The Bear River, a tributary of the Sturgeon River, flows through the northwest part of Morcom Township. The Sturgeon River flows through the northeast corner of the township.

Stoney Brook and Bear River Creek flow through the western portion of the township. Sand Creek flows through the eastern portion of the township.

Part of Morcom Township is located within the Superior National Forest in Saint Louis County.

===Adjacent townships and communities===
The following are adjacent to Morcom Township :

- Sturgeon Township (east)
- The unincorporated community of Sturgeon (east)
- Linden Grove Township (northeast)
- The unincorporated community of Linden Grove (northeast)
- The unincorporated community of Meadow Brook (northeast)
- Sturgeon River Unorganized Territory (north)
- The unincorporated community of Celina (north)
- Carpenter Township of Itasca County (northwest)
- The unincorporated community of Togo (northwest)
- Bearville Township of Itasca County (west and southwest)
- French Township (south)
- The unincorporated community of Side Lake (south)
- Dark River Unorganized Territory (southeast)

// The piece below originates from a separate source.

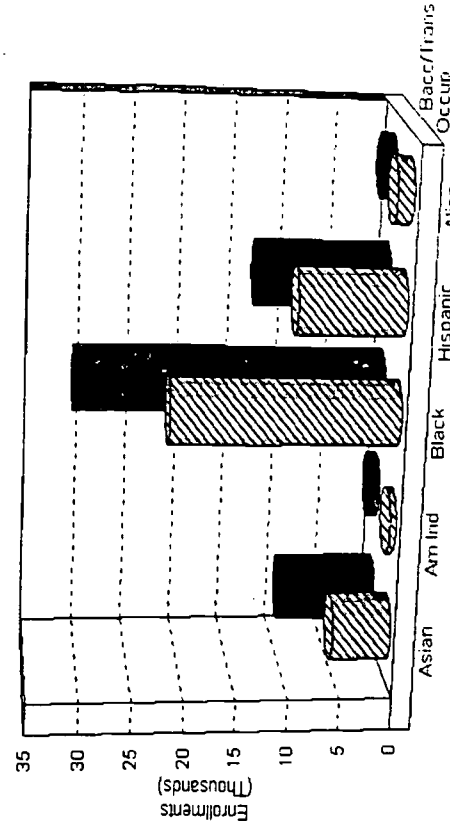
Fig. 1. Fiscal Year 1997 Minority Enrollments in Baccalaureate/Transfer and Occupational Programs

Instructional Program Enrollments by Racial/Ethnic Origin. Figure 1 illustrates the distribution of minorities in the two largest program areas, baccalaureate/transfer and occupational/career. An examination

===Unincorporated communities===
- Bear River

==Demographics==
At the 2000 census there were 115 people, 46 households, and 32 families living in the township. The population density was 3.2 people per square mile (1.2/km^{2}). There were 61 housing units at an average density of 1.7/sq mi (0.7/km^{2}). The racial makeup of the township was 95.65% White and 4.35% Native American.
Of the 46 households 30.4% had children under the age of 18 living with them, 56.5% were married couples living together, 10.9% had a female householder with no husband present, and 30.4% were non-families. 26.1% of households were one person and 13.0% were one person aged 65 or older. The average household size was 2.50 and the average family size was 3.06.

The age distribution was 24.3% under the age of 18, 7.0% from 18 to 24, 28.7% from 25 to 44, 27.0% from 45 to 64, and 13.0% 65 or older. The median age was 40 years. For every 100 females, there were 91.7 males. For every 100 females age 18 and over, there were 85.1 males.

The median household income was $35,972 and the median family income was $37,321. Males had a median income of $40,625 versus $36,250 for females. The per capita income for the township was $14,721. There were 11.4% of families and 14.6% of the population living below the poverty line, including 27.9% of under eighteens and 8.3% of those over 64.

==Media==
The official newspaper of Morcom is The Timberjay. The Timberjay is published weekly, with a circulation of over 1000.